Finely grind patchouli herb. Melt soap base. Add herb, honey, jojoba, fragrances, and dye. Whisk until near gel. Pour in love-themed mold. Cool. Remove from mold. Air-dry on rack for twenty-four hours. Store in Saran Wrap to help hold the scent.
This soap recipe is a great formula for kitchen cleanup. The mixture of tea tree oil and botanical provides a wonderful, natural antibacterial formula.
4 cups glycerin soap base
2 teaspoons dried basil
2 teaspoons dried oregano
2 teaspoons dried parsley
2 teaspoons dried sage
10 drops tea tree essential oil
4 vitamin E gel caps
Lemon, lime or orange fragrance
Dye to match fragrance
Grind herbs together. Melt soap base. Add tea tree oil and desired fragrance. Add dye. Cut gel caps and pour liquid into mixture. Add herbs. Whisk until near gel. Pour. Cool. Remove from mold. Wrap after one hour.
Coconuts possess an aroma that many find pleasing, sensuous and evocative. Releasing the scent of coconut into the air provides long-term spiritual purification in a relaxed, fragrant manner. Unfortunately what is commercially available is almost invariably synthetic, thus the fragrance may be pleasing but the power is nonexistent. Make your own coconut candles.
The simplest method is to use pour-and-melt wax from the craft store. White or brown are the preferred colors. If you are a skilled candle maker, however, choose any method or wax you prefer.
Prepare the candle shell prior to melting the wax. You may use any type of container you choose; however, a hollowed out half of a coconut shell is ideal.
Melt the wax until liquid
Stir in pure coconut extract. The quantity depends upon the desired intensity of fragrance.
Make sure that the wick is attached securely to the container, either by holding it in place until the wax hardens or by attaching it to a pencil or stick laid across the top of the container.

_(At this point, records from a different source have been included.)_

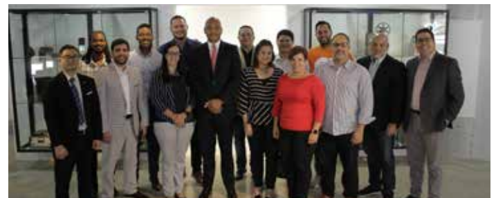
Presidente Guillen se reúne con bloggers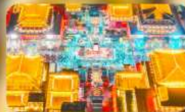
ถนนวัฒนธรรมต้าถิง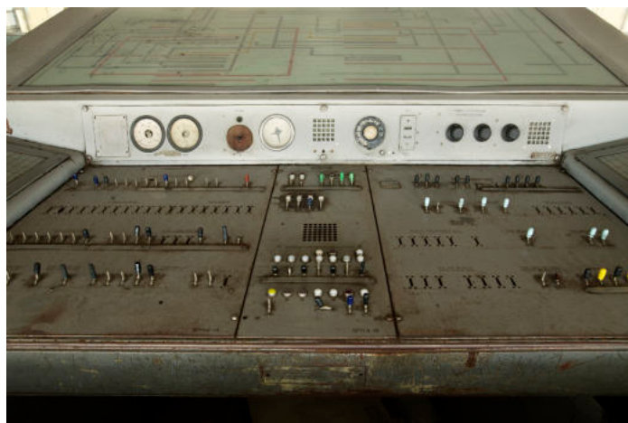
Brussel Zuid - Post X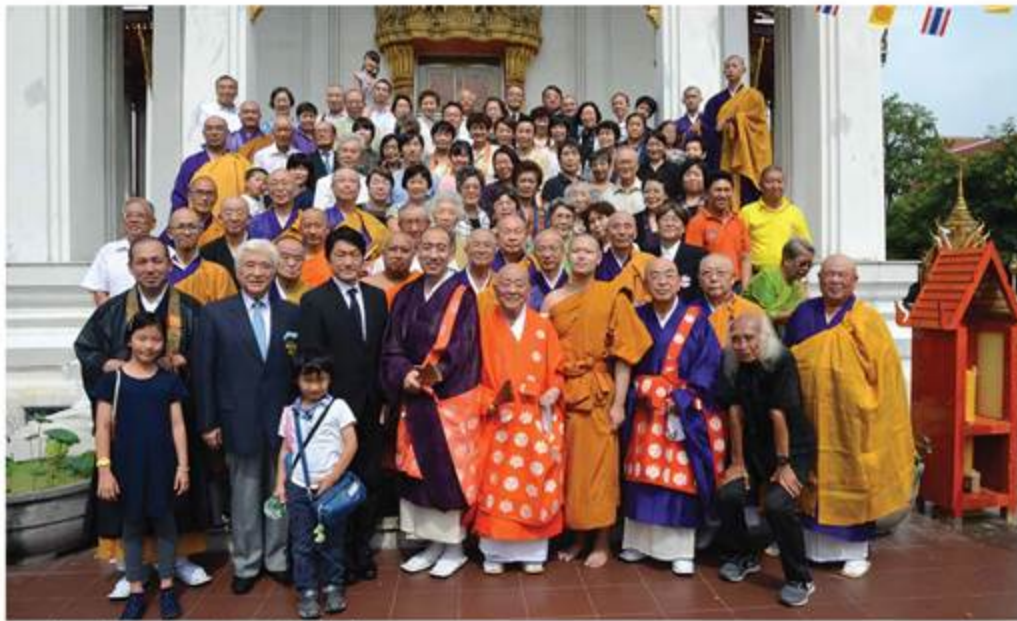
日本人納骨堂80周年年法会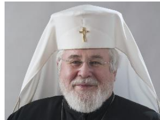
Его Высокопреосвященство, ЛЕВ, Архиепископ Хельсинки и всея Финляндии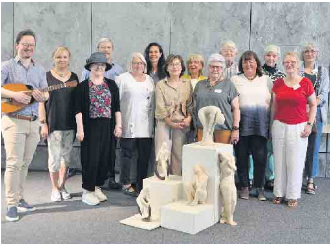
Über eine gelungene Jahresausstellung im Bornheimer Rathaus und die 3. Bornheim-Art im Mai konnten sich die KKV-Künstler freuen.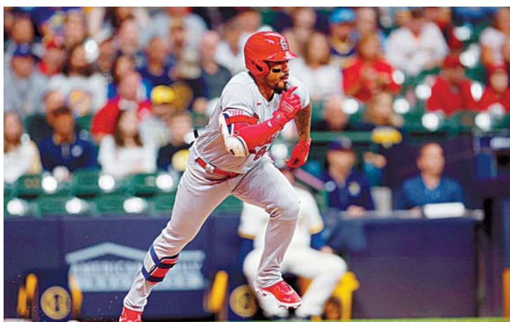
■ El venezolano es el nuevo refuerzo para los béticos.

Profesional (LVBP), siendo ya un estandarte de esta organización con quien ha tenido grandes tempora-

Squares have a strong folk magick tradition; a magickal square would be marked in a field with hoes, rakes or other agricultural implements. In times of persecution squares could be consecrated as a magickal space, but were much easier to disguise as magickal working than circles. Some were undoubtedly used to mark as sacred land where a former sacred Roman temple stood, just as a circle of stones or tree stumps beneath a church or cathedral might mark a former sacred Druidic grove.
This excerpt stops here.